Cloud native security has a new set of priorities that need to be addressed, which we will follow here closely as we track the development and adoption of cloud native security tools, as well as the evolution of traditional security tools into this marketplace. Such tools should be API-first. They need to integrate easily within DevOps and CI/CD frameworks (“DevSecOps”). They need to offer real-time feedback and they need to be easily licensed for cloud computing environments. Present-day security vendors, except those devoted to the cloud native space, such as Aqua Security, have difficulty with all these requirements (Hence the acquisitions).
What these tool and service providers should be addressing, and what we also will follow, are the new requirements that come with introducing the container and the container orchestrator into a production environment. Container images must be scanned for buggy dependencies.
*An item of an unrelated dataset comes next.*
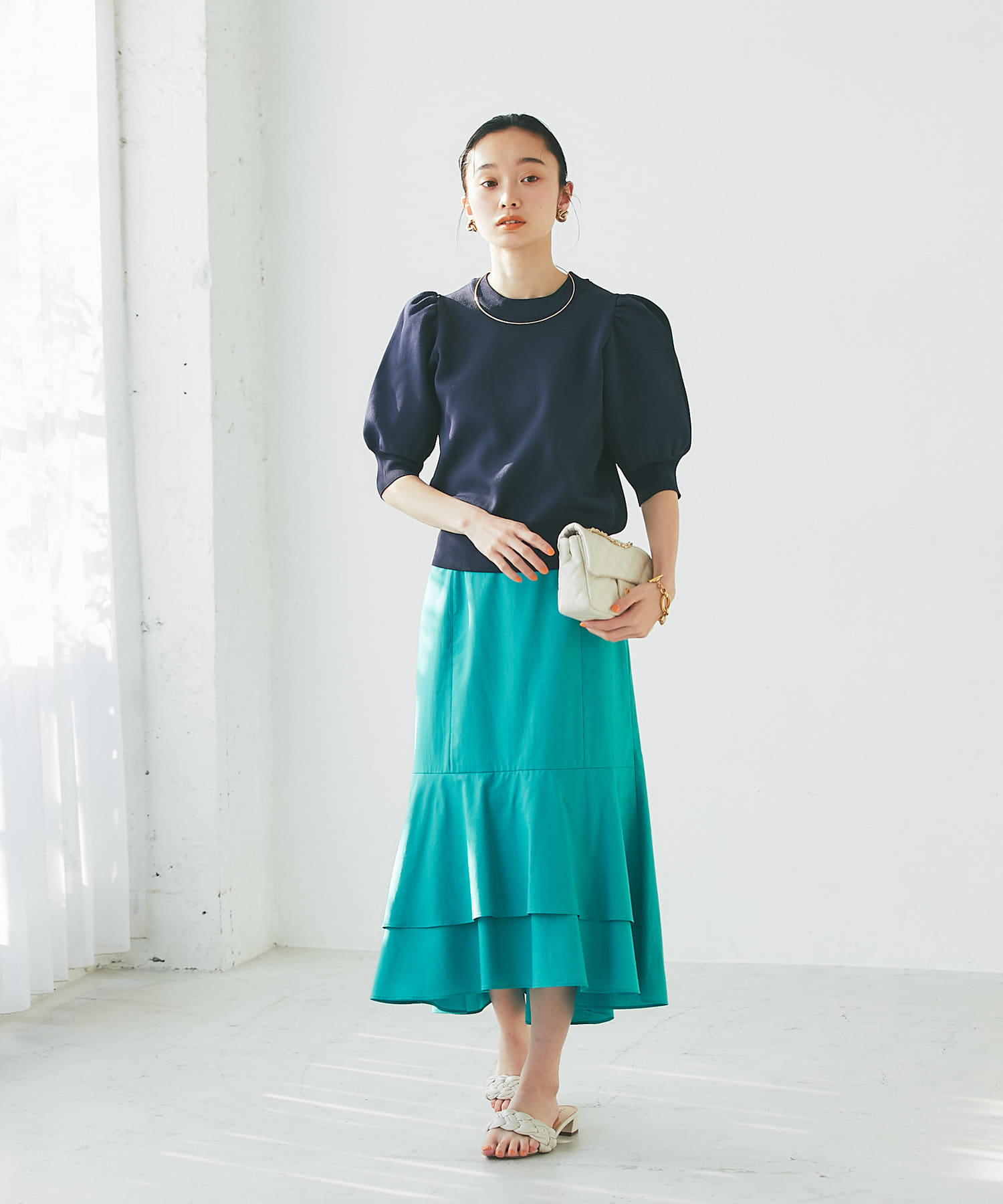 コンパクトな着丈なので、パンツでもスカートでもバランスが取りやすいです。

Security policies for pods must be established.
Google itself has thrown itself into an entirely new security architecture for its own cloud, called the Zero-Trust model, which assumes a company firewall will be breached, so it is better to secure the application at the level of the user and device permissions.
The Internet-based collaborative model of application development needs to be better addressed as well. This is sometimes referred to as supply-chain security, where you need to not only worry about the security of your code, but the code you get from other sources, as well as the authentication measures used by these third parties. One break anywhere in the chain could lead to trouble in your operations This became evident with the Docker Hub intrusion in early 2019, which also affected GitHub, BitBucket and other public/private cloud-based repositories.